201307158/2/R2.
Datum uitspraak: 2 oktober 2013
AFDELING
BESTUURSRECHTSPRAAK
Uitspraak van de voorzitter van de Afdeling bestuursrechtspraak van de Raad van State op een verzoek om het treffen van een voorlopige voorziening (artikel 8:81 van de Algemene wet bestuursrecht) in het geding tussen onder meer:
[verzoeker], wonend te Dieren, gemeente Rheden,
en
de raad van de gemeente Rheden,
verweerder.
Procesverloop
Bij besluit van 28 juni 2013 heeft de raad het bestemmingsplan "Dieren-Midden, locatie Stationsgebied" vastgesteld.
Tegen dit besluit heeft onder meer [verzoeker] beroep ingesteld.
[verzoeker] heeft de voorzitter verzocht een voorlopige voorziening te treffen.
De raad heeft een verweerschrift ingediend.
[verzoeker] heeft een nader stuk ingediend.
De voorzitter heeft het verzoek ter zitting behandeld op 23 september 2013, waar [verzoeker], in persoon, en de raad, vertegenwoordigd door J.F.E. Perlitius en E.F. Beekman, beiden werkzaam bij de gemeente, zijn verschenen.
Overwegingen
1. Het oordeel van de voorzitter heeft een voorlopig karakter en is niet bindend in de bodemprocedure.
2. Ingevolge artikel 8:81, eerste lid, van de Algemene wet bestuursrecht, voor zover thans van belang, kan de voorzitter een voorlopige voorziening treffen indien onverwijlde spoed, gelet op de betrokken belangen, dat vereist.
3. Het plangebied heeft betrekking op een deel van het stationsgebied van Dieren en sluit aan de zuidwestzijde aan op het plangebied van het provinciaal inpassingsplan "Traverse Dieren". Het plan voorziet in de mogelijkheid om een Parkeer- en Reisvoorziening (hierna: P+R voorziening) en een voetgangerspasserelle inclusief bijbehorende voorzieningen te realiseren.
4. Het verzoek van [verzoeker] is gericht tegen de in het plan voorziene P+R voorziening. [verzoeker] voert aan dat de rooilijn te ver in de richting van de Koningin Julianalaan is vastgelegd, waardoor de parkeergarage het open zicht vanuit de Koningin Julianalaan zal aantasten.

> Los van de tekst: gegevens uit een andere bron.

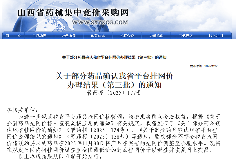 按时完成降价的药品已从12月3日起恢复网上交易。这是山西省继晋药招〔2025〕124号、138号文件后,第三次规范药品价格的重要举措。

Hij brengt verder naar voren dat als gevolg van de parkeergarage een gedeelte van de Noorder Parallelweg aan het openbaar verkeer zal worden onttrokken. [verzoeker] betoogt dat de gevolgen hiervan voor de verkeerssituatie in de Oranjebuurt onvoldoende zijn onderzocht. Met zijn verzoek beoogt [verzoeker] onomkeerbare gevolgen van de inwerkingtreding van het plan te voorkomen.

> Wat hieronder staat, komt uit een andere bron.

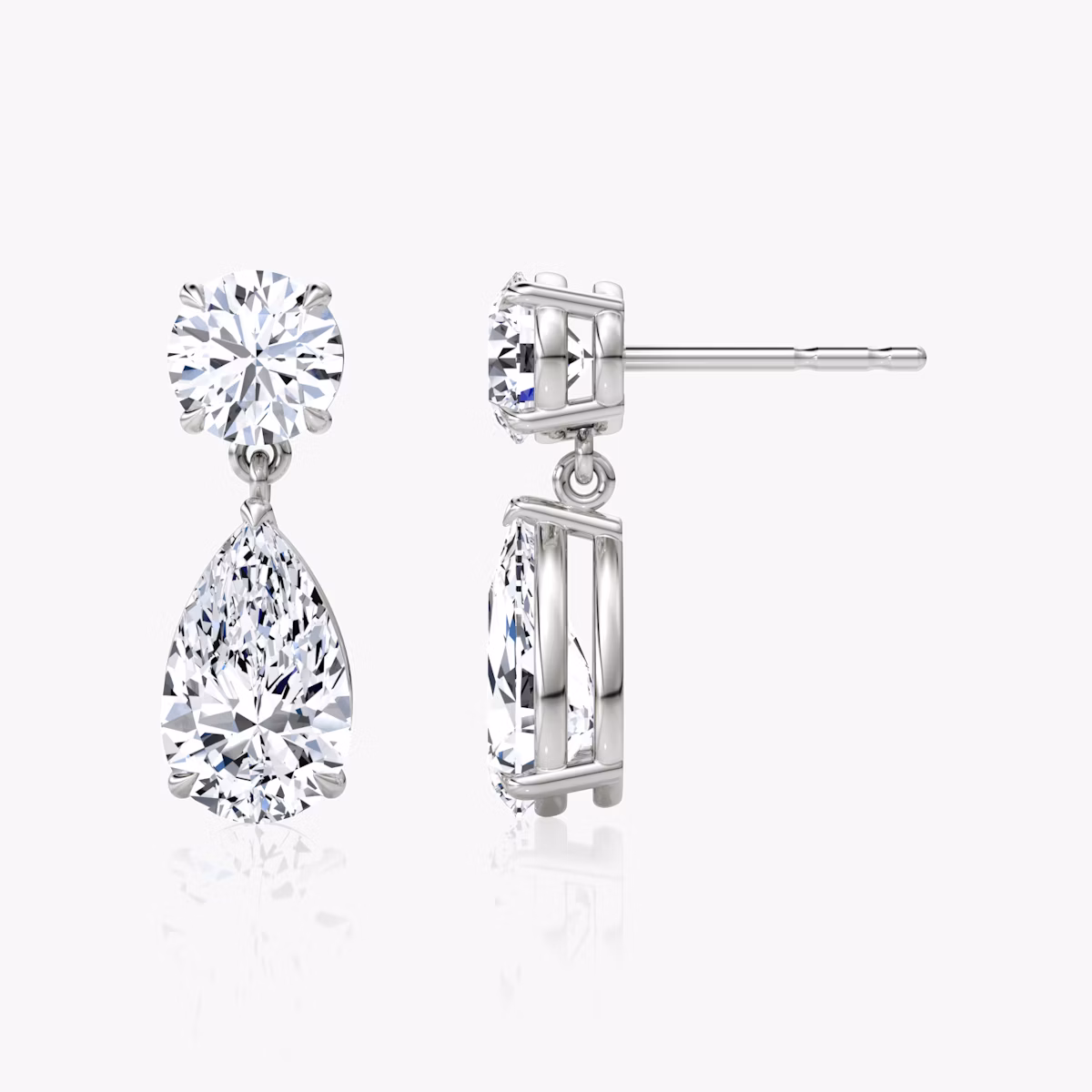 Duo Drop Earring | pear+round-brilliant | 14k | White Gold

5. De gronden ter plaatse van de voorziene P+R voorziening zijn deels in eigendom van de gemeente en deels in eigendom van NS. Uit de stukken en het verhandelde ter zitting is gebleken dat de gemeente verantwoordelijk is voor de uitvoering van het plan en dat met NS afspraken zijn gemaakt over het gebruik van hun gronden voor de parkeervoorziening. Ter zitting heeft de raad verklaard dat geen aanvraag voor een omgevingsvergunning voor het bouwen van de P+R voorziening zal worden ingediend zolang het bestemmingsplan nog niet onherroepelijk is. Gelet hierop leidt de inwerkingtreding van het plan in zoverre niet tot onomkeerbare gevolgen.

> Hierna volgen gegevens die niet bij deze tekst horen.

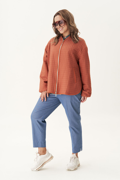 В теплые весенние дни красотки смело могут примерять на себя легкие куртки-ветровки. Это абсолютно универсальная вещь и не просто обязательный элемент базового гардероба, но и настоящий тренд. Уютный оверсайз-силуэт поможет сделать ваш образ максимально утонченным и хрупким. Покрой рубашечный, застежка центральная на тесьму-молнию, воротник стойка. Полочка с прорезными карманами с листочками. Рукав на эластичной тесьме по низкам. Низ изделия фигурный с разрезами по боковым швам. По срезу борта, низу изделия и карманам – отделочный кант. Ветровка без утеплителя, на подкладке.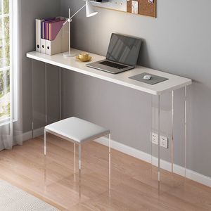 亚克力透明简约岩板书桌办公桌子双人长条靠墙工作台式电脑桌

Ter zitting heeft [verzoeker] naar voren gebracht dat spoedeisend belang aanwezig is, omdat de gemeente ter uitvoering van het plan voornemens is een aantal woningen in het plangebied te gaan slopen. In reactie hierop heeft de raad gesteld dat het slopen van de woningen niet afhankelijk is van de inwerkingtreding van het plan. De voorzitter overweegt dat de sloop van gebouwen niet in het plan is geregeld. Aangezien schorsing van het bestreden besluit niet tot gevolg heeft dat geen omgevingsvergunning voor het slopen kan worden verleend en evenmin kan verhinderen dat de sloopwerkzaamheden worden uitgevoerd, kan in de omstandigheid dat die werkzaamheden binnen niet al te lange termijn gaan plaatsvinden, geen spoedeisend belang zijn gelegen.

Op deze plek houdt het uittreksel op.